##### Task data #####
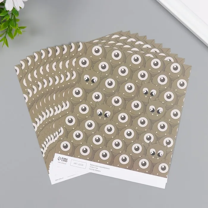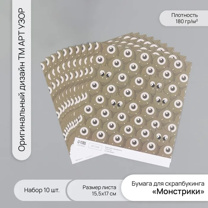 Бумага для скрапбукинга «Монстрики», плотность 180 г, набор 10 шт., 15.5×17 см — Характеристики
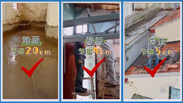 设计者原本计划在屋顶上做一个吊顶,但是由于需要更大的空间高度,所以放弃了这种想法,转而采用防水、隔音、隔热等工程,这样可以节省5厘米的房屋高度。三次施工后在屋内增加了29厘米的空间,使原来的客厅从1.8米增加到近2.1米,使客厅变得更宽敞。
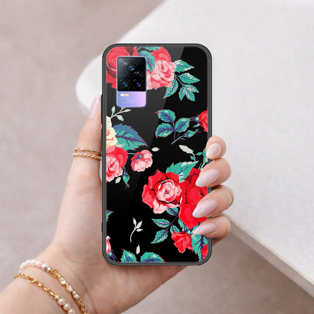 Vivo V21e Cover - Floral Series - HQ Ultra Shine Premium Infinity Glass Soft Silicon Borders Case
#####
##### Task data #####
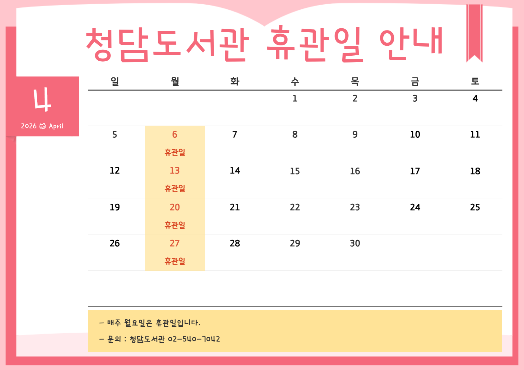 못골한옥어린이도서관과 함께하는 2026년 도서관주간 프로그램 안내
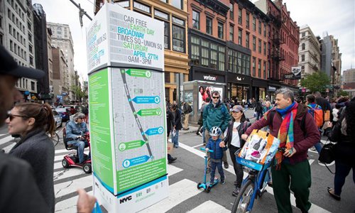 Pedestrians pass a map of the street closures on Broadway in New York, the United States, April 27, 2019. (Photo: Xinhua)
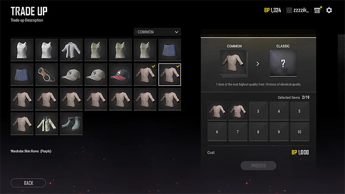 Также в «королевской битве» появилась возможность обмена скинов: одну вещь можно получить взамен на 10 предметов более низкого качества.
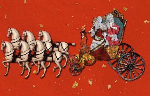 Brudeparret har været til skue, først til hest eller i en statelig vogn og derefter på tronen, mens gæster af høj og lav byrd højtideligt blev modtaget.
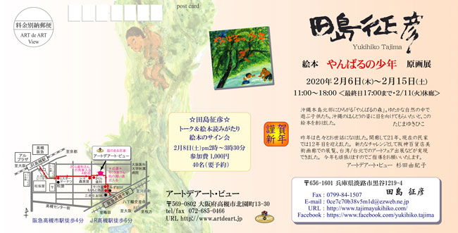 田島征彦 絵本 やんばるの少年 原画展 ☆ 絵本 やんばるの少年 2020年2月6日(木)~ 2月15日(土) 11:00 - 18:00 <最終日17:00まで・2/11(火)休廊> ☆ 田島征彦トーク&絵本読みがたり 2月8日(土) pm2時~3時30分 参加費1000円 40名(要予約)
#####
##### Task data #####
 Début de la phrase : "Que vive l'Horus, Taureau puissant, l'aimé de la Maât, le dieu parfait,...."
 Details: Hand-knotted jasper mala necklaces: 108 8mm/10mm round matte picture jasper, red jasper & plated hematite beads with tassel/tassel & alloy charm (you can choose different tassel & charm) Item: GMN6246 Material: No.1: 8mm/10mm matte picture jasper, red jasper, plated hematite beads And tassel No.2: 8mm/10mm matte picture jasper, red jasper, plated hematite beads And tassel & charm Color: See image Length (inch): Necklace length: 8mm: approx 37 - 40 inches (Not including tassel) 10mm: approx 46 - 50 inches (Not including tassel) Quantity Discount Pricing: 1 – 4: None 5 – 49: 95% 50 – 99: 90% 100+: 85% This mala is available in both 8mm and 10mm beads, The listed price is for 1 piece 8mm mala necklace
#####
_Work to complete_:
From the records above, extract exactly and only the lines that begin at the line with "Début de la" and stop after the line with "Details: Hand-knotted jasper".

_Answer_:
 Début de la phrase : "Que vive l'Horus, Taureau puissant, l'aimé de la Maât, le dieu parfait,...."
 Details: Hand-knotted jasper mala necklaces: 108 8mm/10mm round matte picture jasper, red jasper & plated hematite beads with tassel/tassel & alloy charm (you can choose different tassel & charm) Item: GMN6246 Material: No.1: 8mm/10mm matte picture jasper, red jasper, plated hematite beads And tassel No.2: 8mm/10mm matte picture jasper, red jasper, plated hematite beads And tassel & charm Color: See image Length (inch): Necklace length: 8mm: approx 37 - 40 inches (Not including tassel) 10mm: approx 46 - 50 inches (Not including tassel) Quantity Discount Pricing: 1 – 4: None 5 – 49: 95% 50 – 99: 90% 100+: 85% This mala is available in both 8mm and 10mm beads, The listed price is for 1 piece 8mm mala necklace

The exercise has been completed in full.